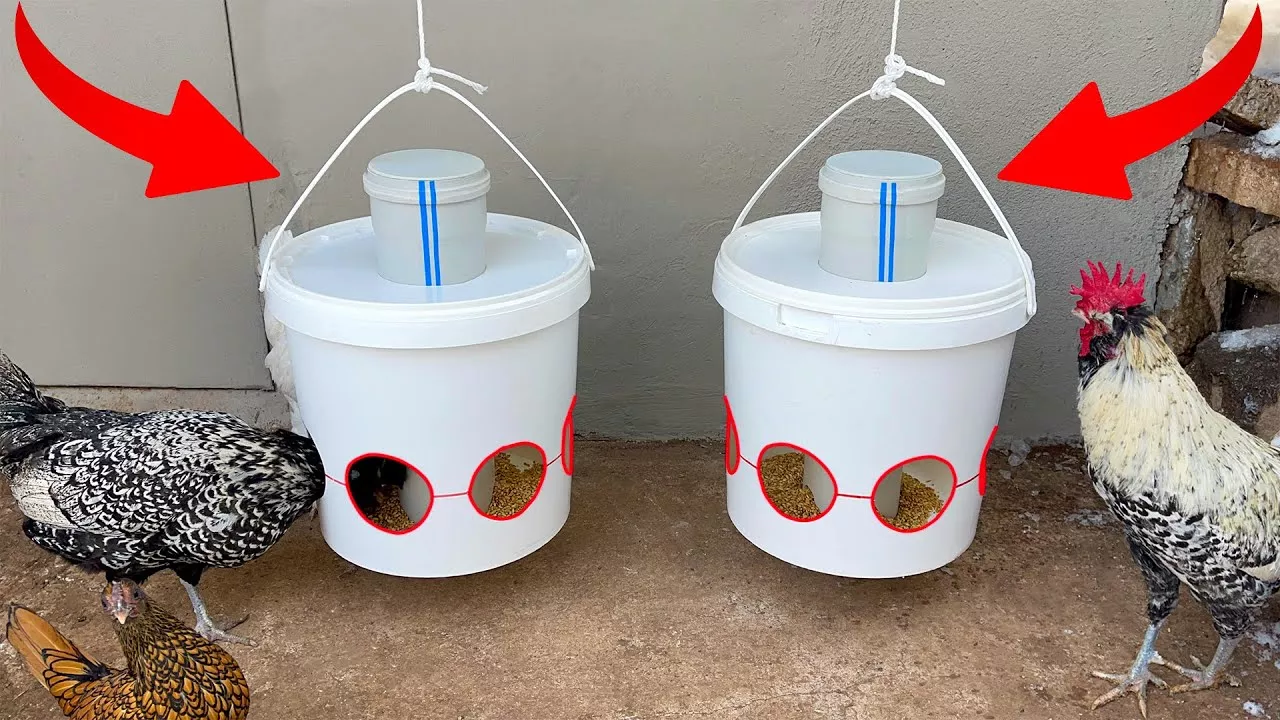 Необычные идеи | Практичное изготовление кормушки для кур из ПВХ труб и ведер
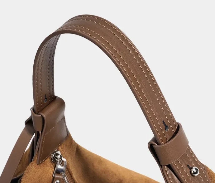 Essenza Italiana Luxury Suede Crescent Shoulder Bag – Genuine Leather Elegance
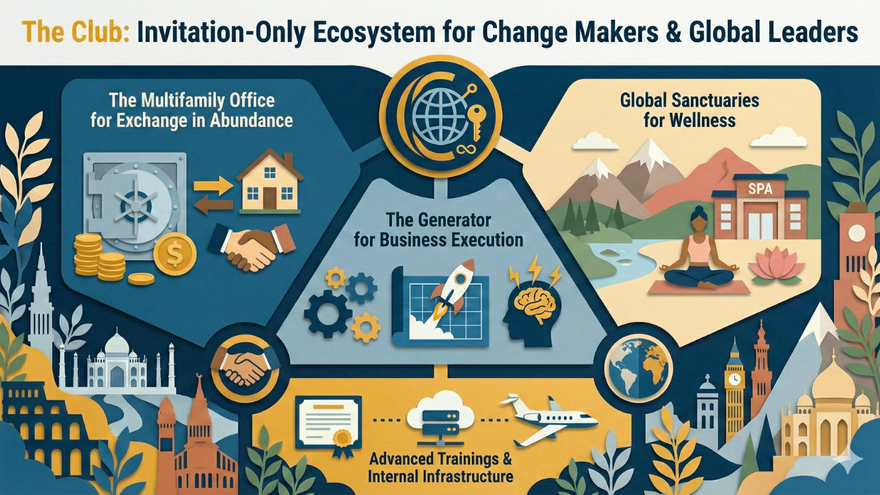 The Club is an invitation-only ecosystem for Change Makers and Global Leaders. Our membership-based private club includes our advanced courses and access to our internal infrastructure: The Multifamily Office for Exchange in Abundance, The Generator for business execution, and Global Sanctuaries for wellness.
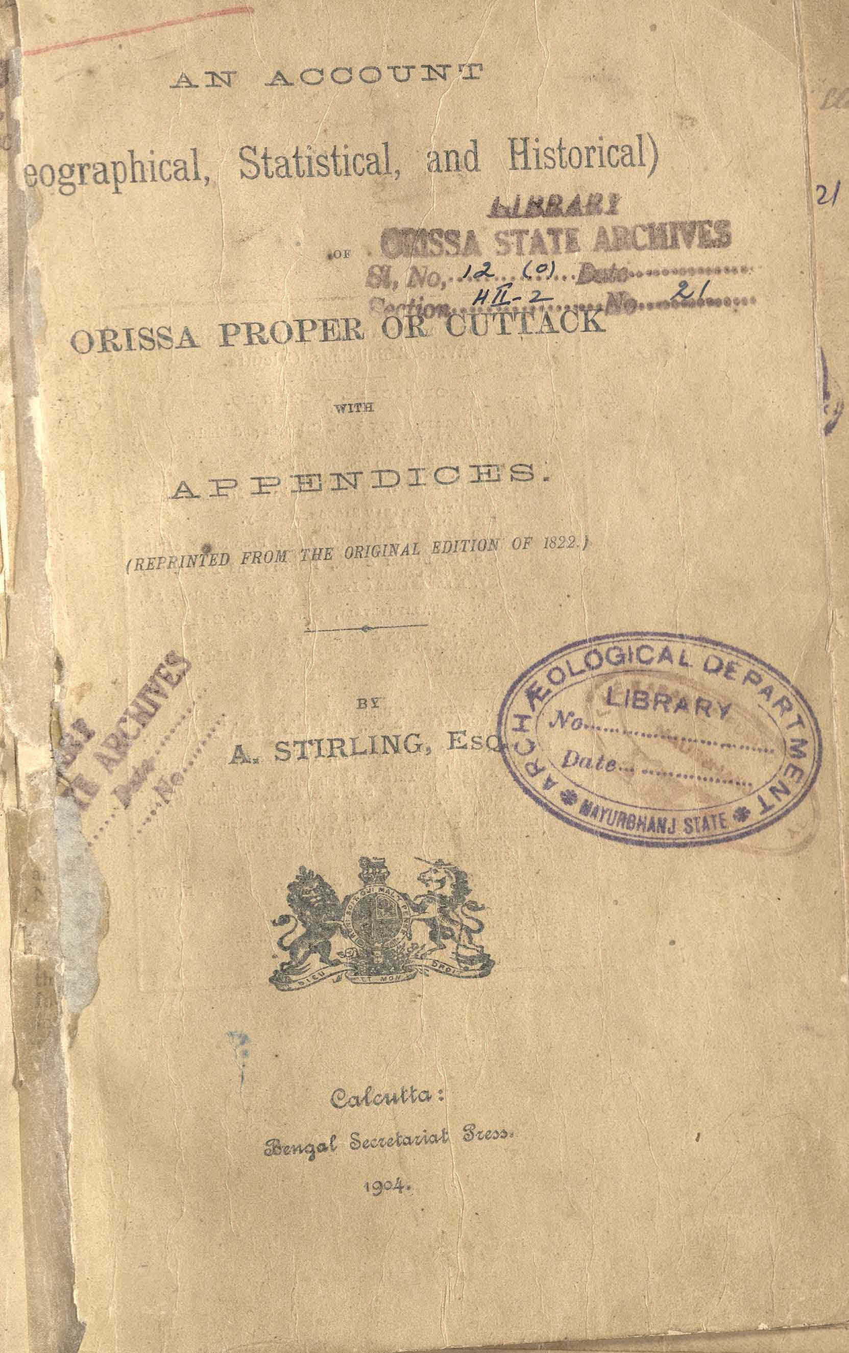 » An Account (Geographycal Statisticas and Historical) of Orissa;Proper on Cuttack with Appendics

__________________________________________________

_Problem requirements_. Starting with the line that contains "The Club is", repeat each line exactly through the last line of the data above, and nothing more; the pictures stay out.

_Solution for this problem_.
 The Club is an invitation-only ecosystem for Change Makers and Global Leaders. Our membership-based private club includes our advanced courses and access to our internal infrastructure: The Multifamily Office for Exchange in Abundance, The Generator for business execution, and Global Sanctuaries for wellness.
 » An Account (Geographycal Statisticas and Historical) of Orissa;Proper on Cuttack with Appendics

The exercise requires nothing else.